They say that dreaming is not special to humans. They say that the platypus experiences up to nine hours of rapid eye movement type sleep a day (night, rather), which may or may not be a lot for the platypus, but that he does it the most. Perhaps he does it when the nights are longer, in winter. After all, doesn't the polar bear hibernate? Well, I often have a dream of running away. It's unpleasant, because I am not, in my dream, terrifically good at running. I manage obstacles, that is true, but I do not manage them well. I don't think the simulation includes getting caught, or perhaps I exclude it. Perhaps I manage the mounting anxiety by shifting the narrative to something else, subconsciously. That is one theme that recurs. For my own reasons, I think I have seen through this dream. Another one that recurs, with some emptiness at awakening, is of having a loved girl close by. It's not a longing per se, but a kind of wistfulness. I could go on, but the man I was at twenty, twenty-four, isn't the man I am now, at thirty-two, and no amount of gentle recollection changes that. Which is not to say that I am proud of the man I am now, but perhaps I am a little prouder. I think that this vein of dreaming, over the years, acknowledges that. This dreaming wells together now a feeling more of serenity and conviction than of desire and pining.
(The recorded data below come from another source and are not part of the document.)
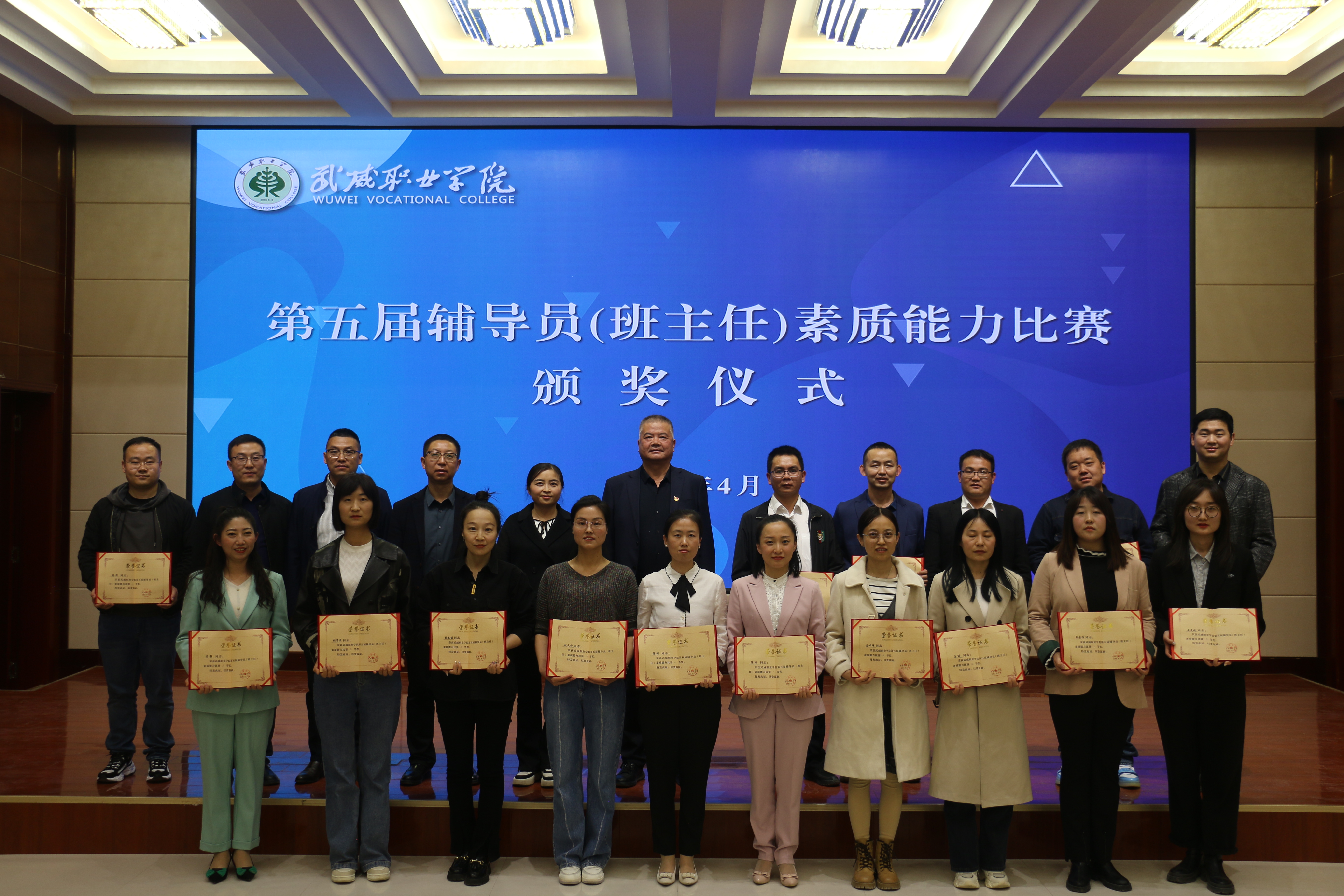 4月18日至20日,武威職業(yè)學(xué)院第五屆輔導(dǎo)員(班主任)素質(zhì)能力比賽在菁英廳成功舉辦。決賽現(xiàn)場,學(xué)院黨委委員、副校長王守云出席活動并為獲獎選手頒獎。
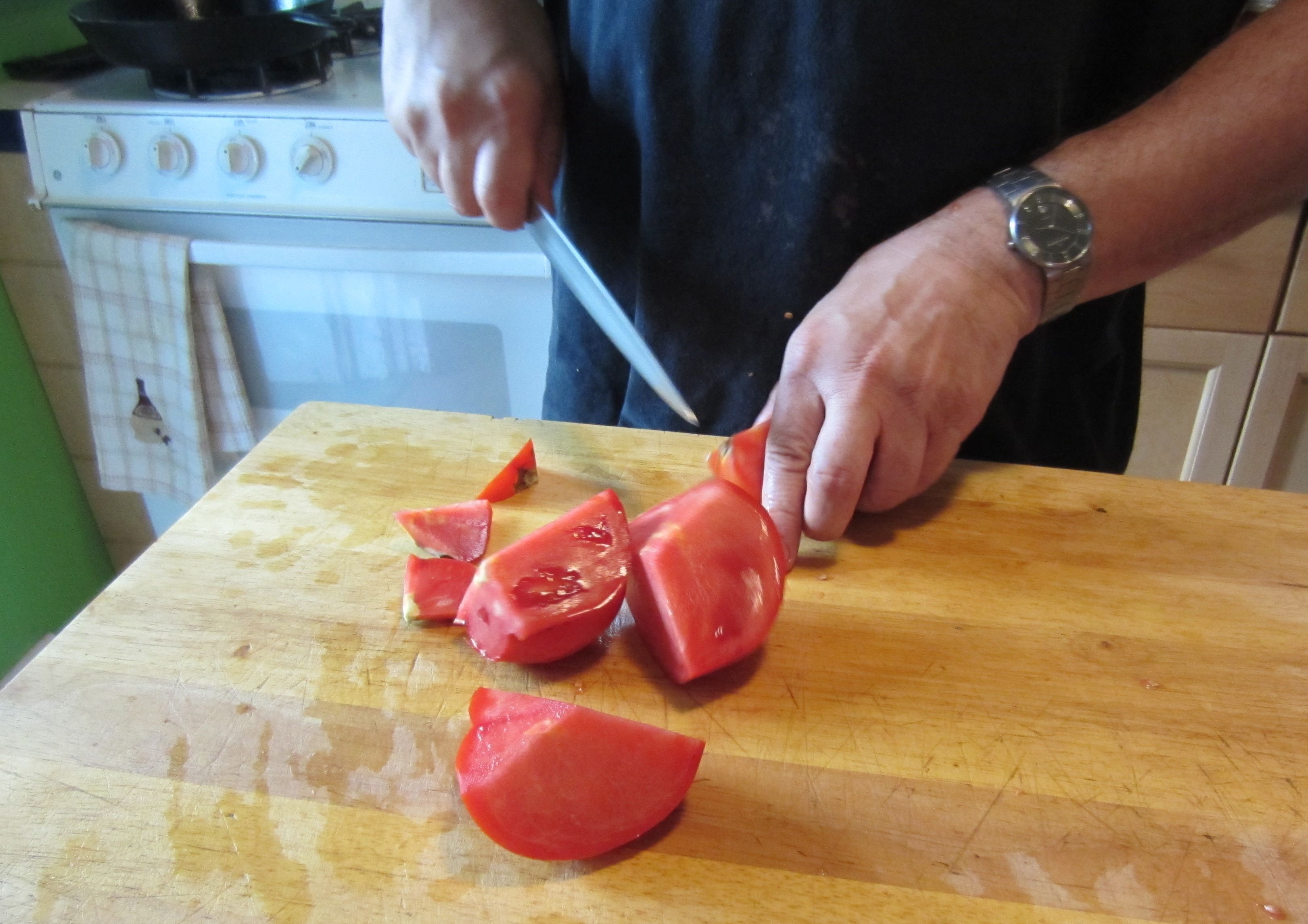Heirloom tomatoes roasted with olive oil and salt on the left; roasted red tomatoes with olive oil and salt. We jar whole tomatoes from organic farm girls who humor me about my unusual art supplies.
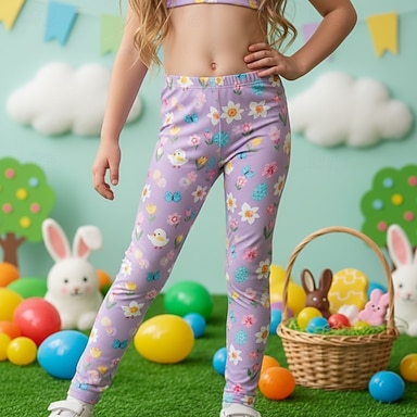 Páscoa Para Meninas 3D Floral Gráfico Calças Leggings Impressão 3D Primavera Outono Estilo bonito Roupa de rua Básico Infantil 4-12 anos Casual Diário Ao ar livre Normal
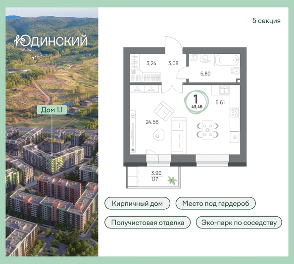 1-комнатная квартира, 43.46кв.м., 6 этаж
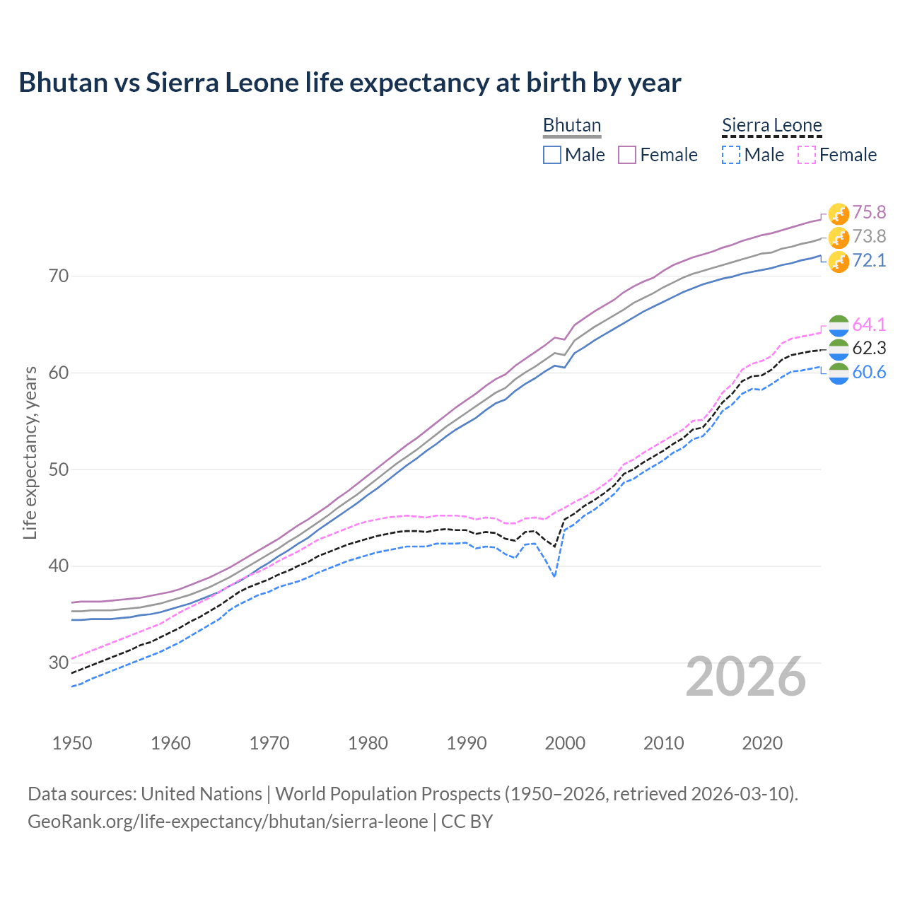 The average life expectancy at birth is 73.8 years in Bhutan vs 62.3 in Sierra Leone. Bhutan is ranked 106/197 by life expectancy, and Sierra Leone is 186/197. In Bhutan, the life expectancy is 72.1 years for males and 75.8 years for females. In Sierra Leone, it's 60.6 years for males and 64.1 years for females.
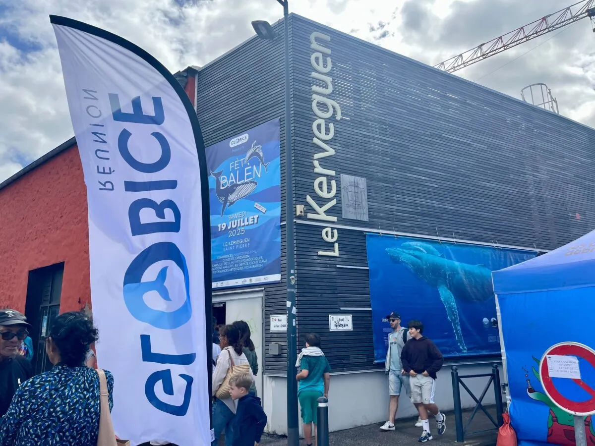 Beaucoup plus de monde que prévu s’est déplacé dès ce matin au Kerveguen à Saint-Pierre pour cette toute première journée dédiée aux baleines. L’ambiance est festive, joyeuse, et les organisateurs sont ravis !
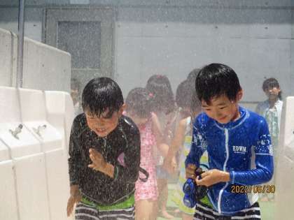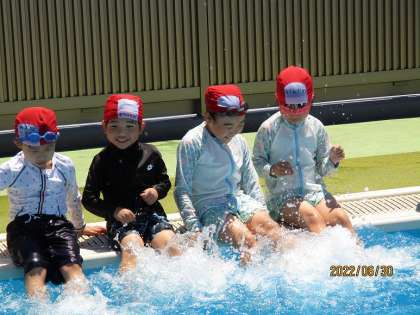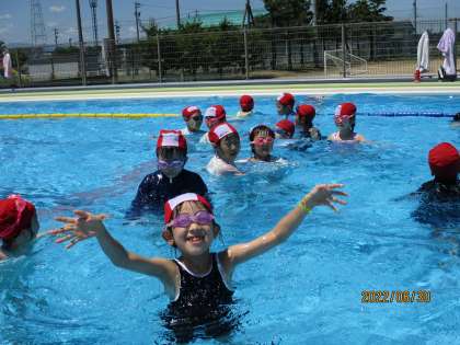 1年生でプール学習をしました。友達とバディを組み、水の中を移動したり、潜ったりしました。「あごまで(水につかることを)がんばったよ」「鼻をつまみながらだと潜ることができたよ」と楽しそうに活動しています。
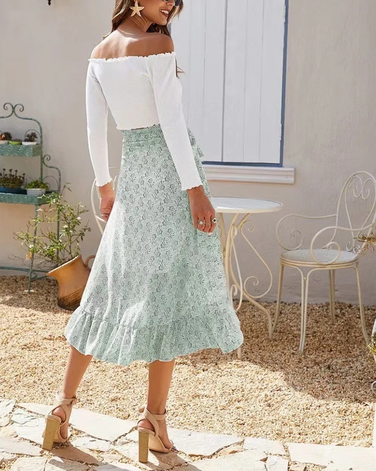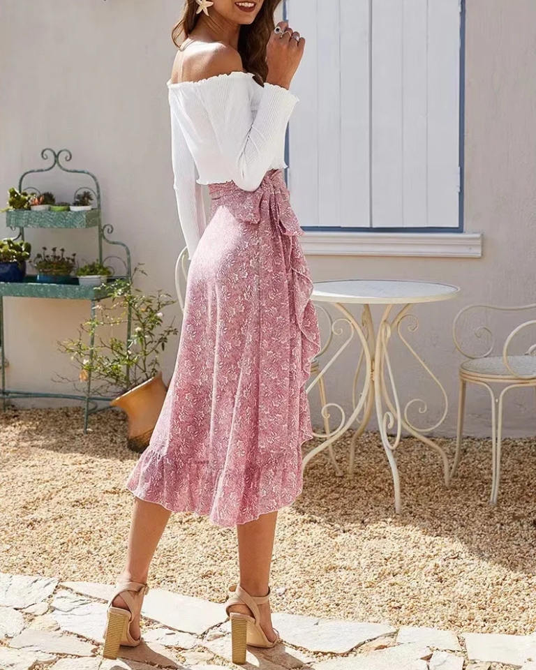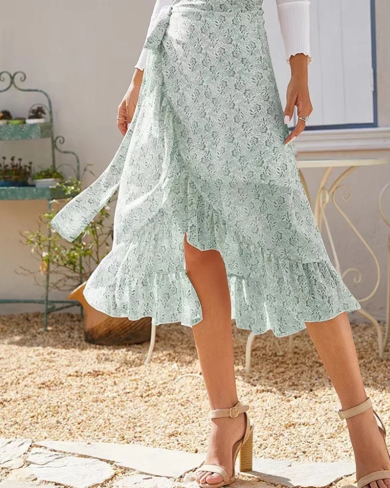 Laissez-vous séduire par cette jupe midi qui allie romance et modernité avec son imprimé floral délicat et ses volants irréguliers. La coupe fluide et la silhouette A-line épousent délicatement votre silhouette pour un effet à la fois féminin et flatteur. La fente discrète et les lacets décoratifs ajoutent une touche de charme et de mouvement à votre tenue. Parfaite pour une journée ensoleillée ou une soirée d'été, cette jupe vous transporte dans une ambiance bohème et légère, idéale pour exprimer votre style unique.

Little calming gestures, placid comforting, resting a head together, on a shoulder, or feeling for, holding hands under a blanket, bring courage and a little joy. The rising day feels like it lacks a little something, upon waking, but not something that upon contemplation will never be found again. So I take (if unfairly) what Eliot wrote, in his Little Gidding,
We shall not cease from exploration
And the end of all our exploring
Will be to arrive where we started
And know the place for the first time.